3. a kind of GPU of the sparse lower trigonometric equation group of a large amount of isomorphisms according to claim 1 pushes away method before accelerating, its feature It is：In the step (2), data needed for push calculation include lower triangular transformation matrix L before LU₁~L_N, matrix dimensionality n, matrix L₁ Parallelization layering result, system of linear equations right-hand-side vector b₁~b_N。

4. a kind of GPU of the sparse lower trigonometric equation group of a large amount of isomorphisms according to claim 1 pushes away method before accelerating, its feature It is：In the step (3), by N number of isomorphism sparse matrix L₁~L_NSame a line LU before push away operation distribute to it is same The different threads processing of thread block；To ensure to merge internal storage access, by matrix L₁~L_NContinuous storage composition one is patrolled in internal memory The upper big matrix for N rows is collected, then carries out transposition operation.
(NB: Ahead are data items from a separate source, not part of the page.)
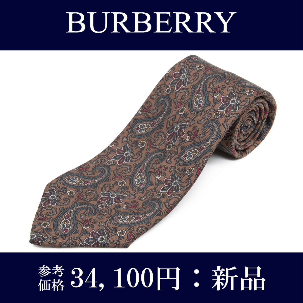 - 送料無料 バーバリー ネクタイ レギュラータイ 新品 シルク 茶色 緑 赤 アイボリー ペイズリー 花 人気 ブランド ヴィンテージ 綺麗 N891
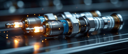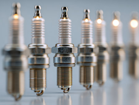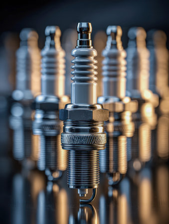 A sleek alignment of gleaming engine components highlights the central spark plug in crisp detail, with soft-focus counterparts reflecting on a polished surface.
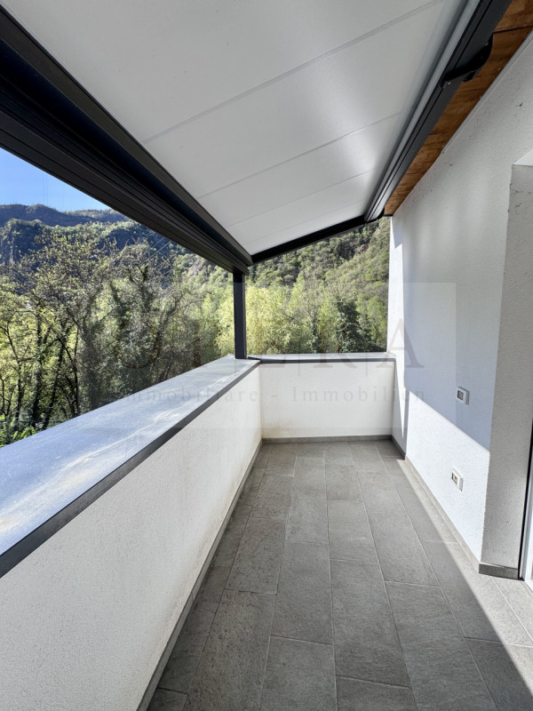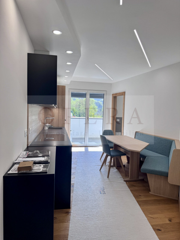 Prato Isarco: nuovo bilocale con terrazza, arredato, garage doppio compreso, pronta consegna.
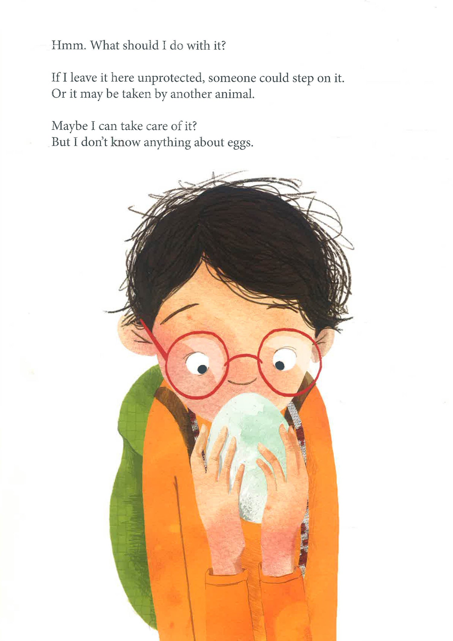 A boy discovers an egg and wonders what is inside. Could it be a turtle? A dinosaur? A new pet?
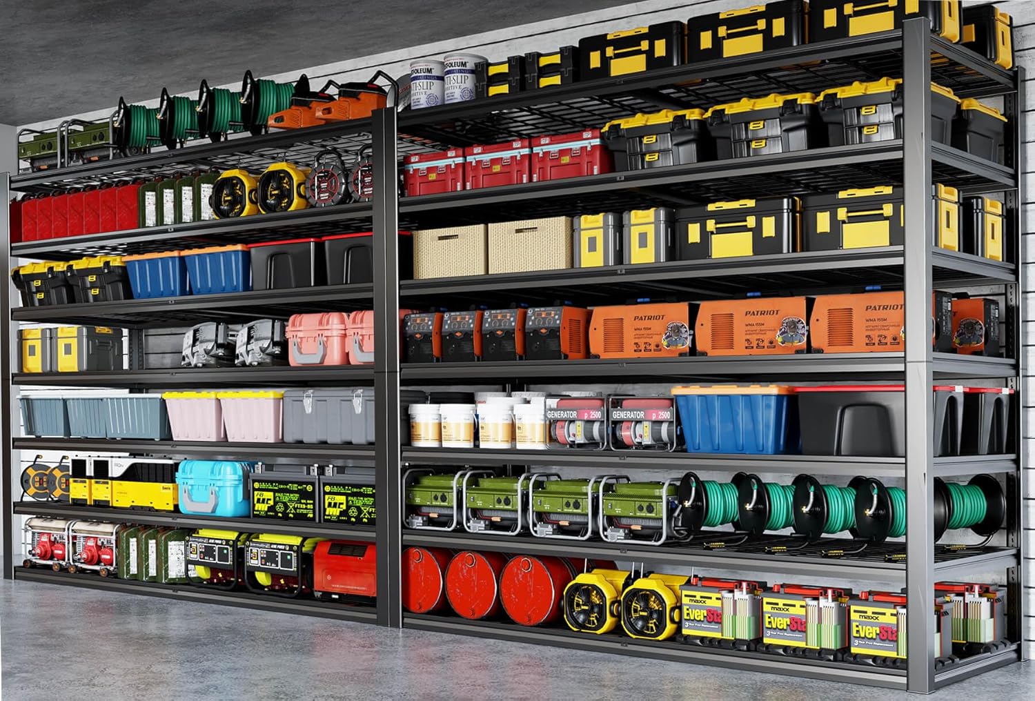 - 【Adjustable Heavy Duty Metal Shelves to Meet Different Needs】The height of each tier can be adjusted not only by moving the crossbar to meet the needs of different heights, but also the shelves can be assembled or disassembled into a variety of different metal shelves. The 96-inch tall 3500 lb. load-bearing garage shelves are not only strong, but they also give you more storage space.
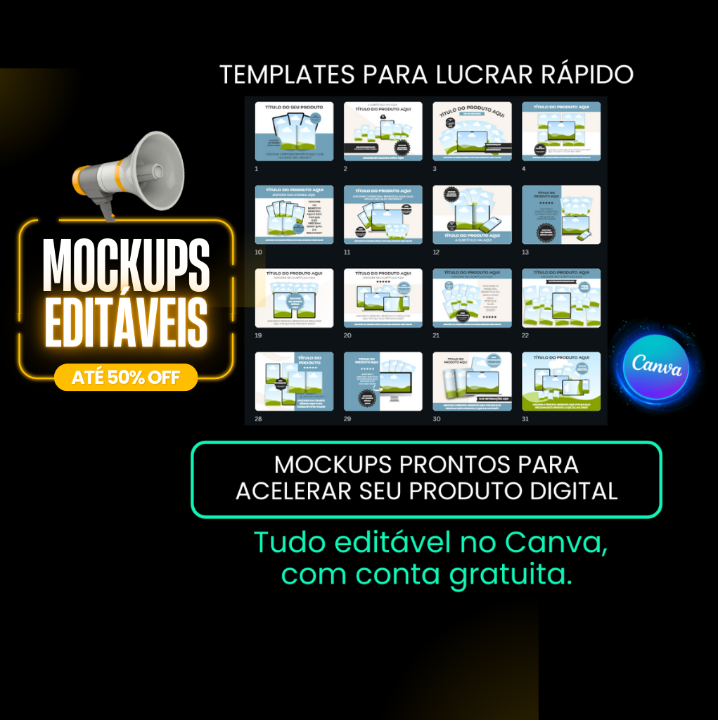Apresente seus produtos de forma profissional com mockups prontos e editáveis.

5. a kind of GPU of the sparse lower trigonometric equation group of a large amount of isomorphisms according to claim 1 pushes away method before accelerating, its feature It is：In the step (4), push calculation kernel function is defined as Batch_LUForward before the LU in GPU<N_blocks, N_threads>, wherein thread block size N_threadsIt is fixed as 128；When calculating k layers, thread number of blocks N_blocks=L (k), Always number of threads is：N_blocks×N_threads, start kernel function Batch_LUForward<L (k), N_threads>Belong to calculate All rows of kth layer；Batch_LUForward<L (k), N_threads>Specific calculation process be：

(4.1) thread that CUDA is distributed in thread block index blockID and thread block for each thread automatically indexes threadID；

(4.2) blockID and threadID are assigned to variable bid and t, joint variable bid and t indexes bid thread blocks In t threads, 128 threads in bid thread blocks are responsible for matrix L₁~L_NJth=Map_k(bid) push before row Calculate, wherein：T threads are responsible for calculating matrix L_tJth row before push calculate, t=threadID+m × 128, (m=0,1 ..., N/128)；

In t threads in (4.3) bid thread blocks, judge whether t is less than N, less than continuing executing with, otherwise the thread moves back Go out operation；

(4.4) variable i is incremented to j-1 from 1, and if only if L_tDuring (j, i) ≠ 0, using formula y_t(j)=b_t(j)-y_t(i)×L_t (j, i) pushes away operation result y j-th of element y before updating_t(j)；

(4.5) formula y is used_t(j)=y_t(j)/L_t(j, j) updates y_t(j)。